Peneliti LSAK Menduga, Duit Sitaan Korupsi di Kejagung Tak Pernah Utuh Kembali ke Rakyat


JAKARTA, EDISIINDONESIA.id- Viral di media sosial, “klasemen liga korupsi” menjadi sorotan tajam bagi penegak hukum di Indonesia.  Peneliti Lembaga Studi Anti Korupsi (LSAK), Ahmad Hariri, menilai fenomena ini sebagai teguran keras atas kinerja aparat penegak hukum (APH) yang dinilai lebih fokus pada pencitraan ketimbang mengembalikan kerugian negara.
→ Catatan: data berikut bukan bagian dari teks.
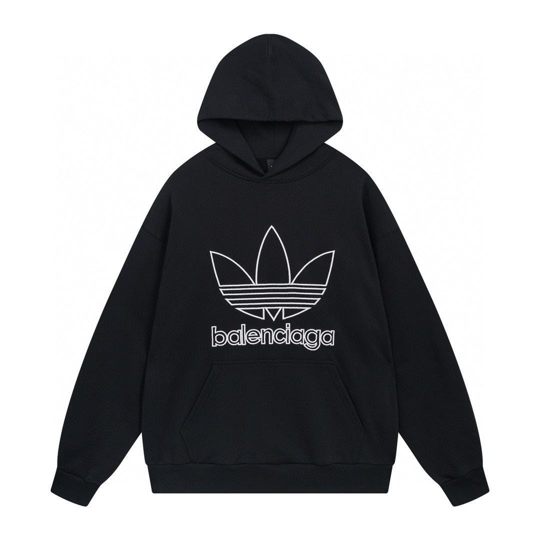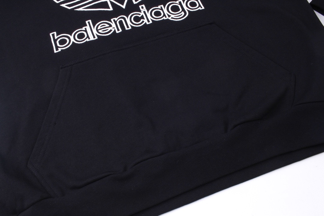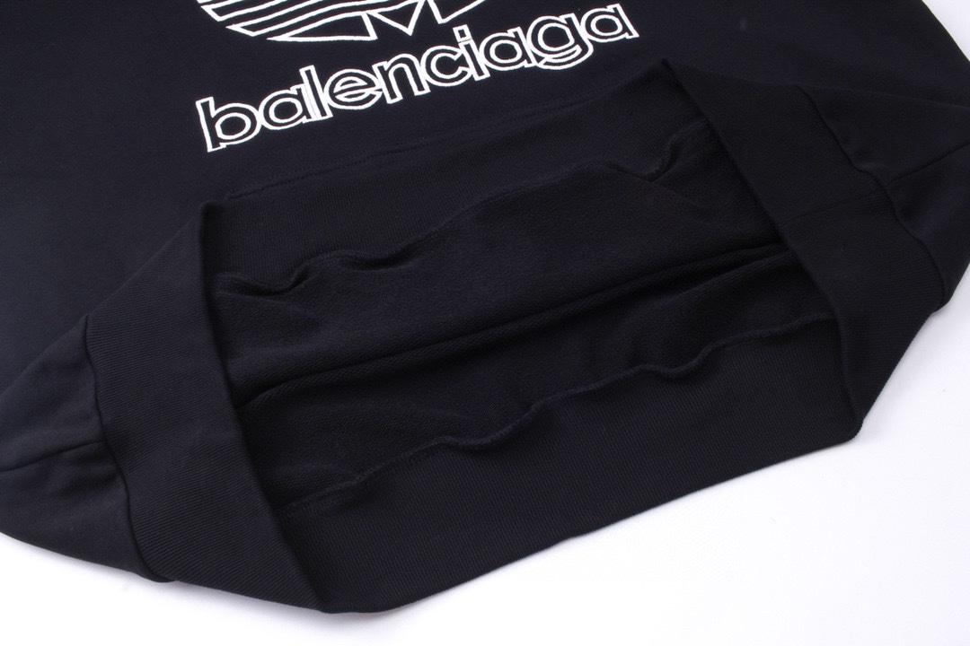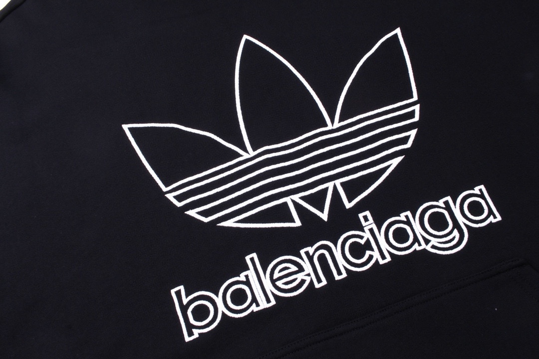 细节图 顶级版本 官网品质 BALENCI GA 巴黎联名Adidas前面刺绣LOGO长袖连帽卫衣
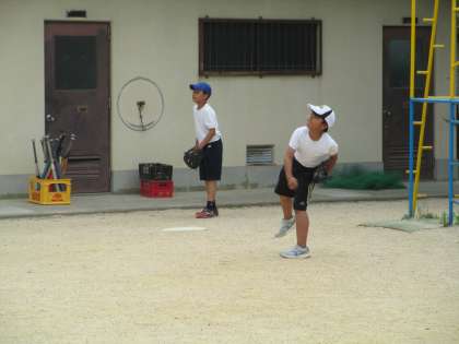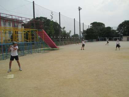 今日のソフトボールの練習は,キャッチボール,ゴロの取り方の練習,バッティングをしました。
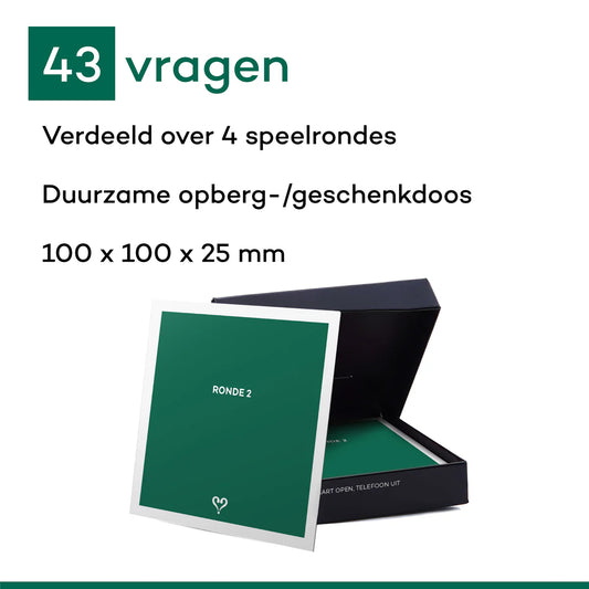 Speel het spel zo vaak je wilt. Wanneer jullie behoefte hebben aan meer échte gesprekken en plezier, trek je een paar kaarten of speel je het hele spel.
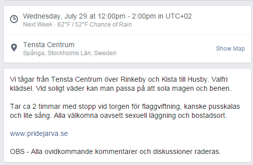 On July 29, a gay pride parade is scheduled in Sweden. But, you see, this is no ordinary gay pride parade. This gay pride parade was created by Jan Sjunnesson, former editor-in-chief for the Samtiden newspaper in Sweden, which is owned by the nationalist Sweden Democrats party (… think of the Sweden Democrats as being kind of like the Conservatives … which means that they’re considered “extreme far-right” in Sweden). The parade is scheduled to go through Tensta and Husby – two areas where Muslim immigrants are more than 75% of the population.

Hariri menyoroti minimnya pengembalian aset korupsi meskipun banyak kasus ditangani. 

“Banyaknya kasus korupsi yang ditangani seolah hanya pertunjukan untuk terlihat hebat, tetapi pengembalian asetnya sangat minim,” ujarnya dalam keterangan tertulis, Senin (10/3/2025).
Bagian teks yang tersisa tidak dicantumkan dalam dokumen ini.